2.4 Remuneration of Directors and corporate officers

2. Corporate governance

2.4 Remuneration of Directors and corporate officers

2.4 Remuneration of Directors and corporate officers

2.4.1 Remuneration policies for Directors and corporate officers

Pursuant to Article L. 22-10-8 of the French Commercial Code, the General Meeting of 24 April 2026 is called to approve the remuneration policies for Directors and corporate officers as established by the Board of Directors (13th to 15th resolutions), i.e., the remuneration of:

  • the Directors;
  • the Chairman of the Board of Directors; and
  • the Chief Executive Officer.

These policies describe all the components of remuneration of the Directors and corporate officers, and explain the decision-making process followed to determine, review and implement them.

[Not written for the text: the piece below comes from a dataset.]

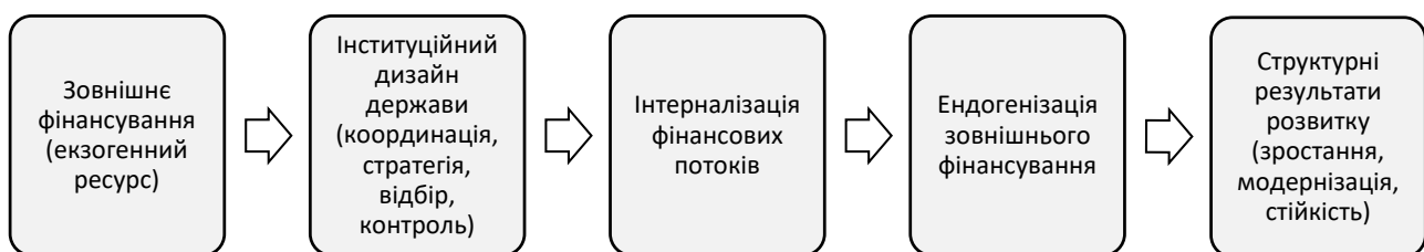
Рисунок 1 – Логіка інтерналізації зовнішнього фінансування в національній економічній системі

Важливим додатковим елементом інституційного дизайну інтеграції зовнішнього фінансування є механізми страхування ризиків. Йдеться про страхування інвестиційних, кредитних, політичних, воєнних та інфраструктурних ризиків, які можуть стримувати залучення зовнішнього капіталу. Використання страхових інструментів сприяє зниженню невизначеності для міжнародних фінансових організацій, банків та приватних інвесторів, підвищує доступність фінансових ресурсів і розширює можливості реалізації довгострокових проєктів розвитку. Для країн із підвищеним рівнем ризику, зокрема України, страхування може виступати важливим інструментом інтерналізації зовнішнього фінансування та посилення економічної стійкості.

Shareholder dialogue and response to the vote at the 29 April 2025 General Meeting

At the General Meeting of 29 April 2025, the shareholders approved the remuneration policy for Directors by 99.93% of votes cast, for the Chairman of the Board of Directors by 97.82% and for the Chief Executive Officer by 87.74%. As it does each year, on the basis of the work carried out by the Nominations and Governance Committee and/or the Human Resources and Remuneration Committee, the Board of Directors analysed the results of the votes for all of the resolutions approved at the General Meeting, paying particular attention to any resolutions that had an approval rate of less than 80% of the free float.

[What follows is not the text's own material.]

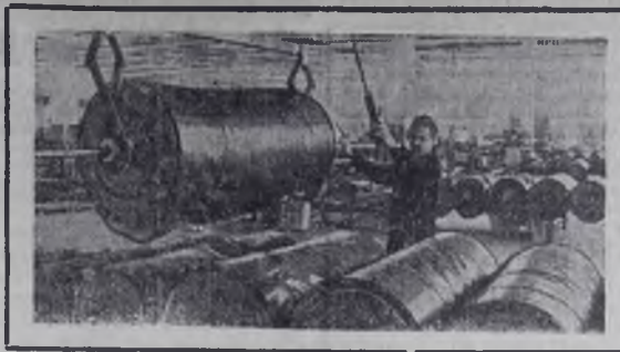
БАШКИРСКАЯ АССР, город Нефтекамск. Вступила в строй вторая очередь завода искусственных кож «Сима». Продукция предприятия — искусственная кожа из полихлорвиниловой смолы на тканевой и трикотажной основе — поставляется главным образом в автомобильную промышленность. На новом производстве освоены также выпуск одежды искусственной кожи, из которой можно шить куртки, пальто. Пущена в действие машина по изготовлению клеенки для ширпотреба. На снимке: отгрузка готовой продукции предприятием.

Following the 2025 General Meeting, the Board of Directors analysed the result of the shareholders’ say-on-pay vote on the remuneration policy for the Chief Executive Officer. Although the resolution was approved by a large majority (87.74%), the Board decided to launch a specific in-depth dialogue process before defining its future guidelines.

To that end, the Board asked the Company's teams to engage with L’Oréal’s shareholders earlier than in previous years. This process, which includes face-to-face meetings as circumstances allowed, forms part of a yearly exercise of direct and in-depth dialogue with shareholders.

The shareholder dialogue carried out in 2025 led to constructive discussions on how the Chief Executive Officer's remuneration policy was perceived by investors and proxy advisors.